One of them explained: “The ADM is based on seniority. Those with the longest time up get assigned a beat or a van run and then those left over are the ones whose positions would have become redundant under the initial management proposal. They are now known as ‘floaters.’ At this point management has decided to keep these workers and they are given whatever jobs are available. You could be doing a beat or delivering parcels or whatever is needed. I heard you could even be asked to go to another facility if the work is there.

“If you refuse then there is no position for you and you don’t have a job. We heard of some posties that have been doing a beat for years or riding a motorbike, being told they have to change. When they said they didn’t want to, they were told to do as they were instructed, or they wouldn’t have a job anymore.

“The ADM changes the way we work. As a walking postie you will have to start delivering two beats instead of one. You have to do them on alternative days. But this now means you get double the mail and large letters and magazines including junk mail. Posties are doing double the amount of work each day on a beat as well as delivering parcels, which we were already doing. If you are a delivery van postie with parcels, you are like a gig economy worker. It’s basically courier work.”

Another said that the ADM had only recently been rolled out at their facility: “I witnessed one normally calm and cheerful postie have a meltdown of confusion and panic on their first day in a van.

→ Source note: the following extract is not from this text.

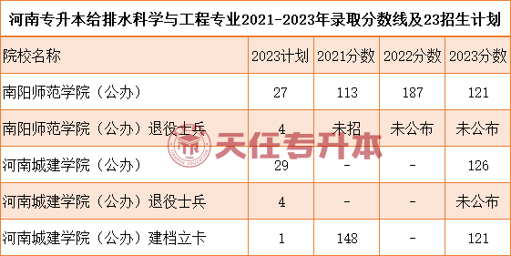 河南专升本给排水科学与工程2021-2023年录取分数线

What used to be a job you would gladly retire on has now become like a job for contractors forever chasing their tail to meet deadlines with piecemeal payments. We still get paid hourly but under enormous pressure to perform.

“The main response I have seen is man overboard. In anticipation of the destruction of a good job and now realising fully that the union will do nothing, many are walking the plank. Some know they are jumping into a sea of sharks of economic uncertainty, but still we are now having a weekly parade. I know of at least ten in the last fortnight who have or are about to go. Many posties within an earshot of retirement are seriously considering doing so rather than having to practically learn a new job.

“Whilst management are saying where you work and what you do is optional, it is clear to me from a number of cases they are having a quiet word to posties that they have already worked out a ‘preferred option’ that best suits the ADM.”

The third worker said: “Posties with little seniority, especially with young families, don’t want to go into vans but they have to do it because there is no other position. They don’t want to do it because the amount of parcels and difficulty of delivery means you finish late. It is also hard to find legal parking, so for a number of the van drivers they are walking more than when they were just regular posties. They have to power walk to deliver, often going up many flights of stairs every day.

“Posties are very upset because they are very tired when they get home and can’t do much with their families. Their legs are so sore that they have to have a hot bath and soak their legs to help recover. By the end of the week they can be very fatigued.”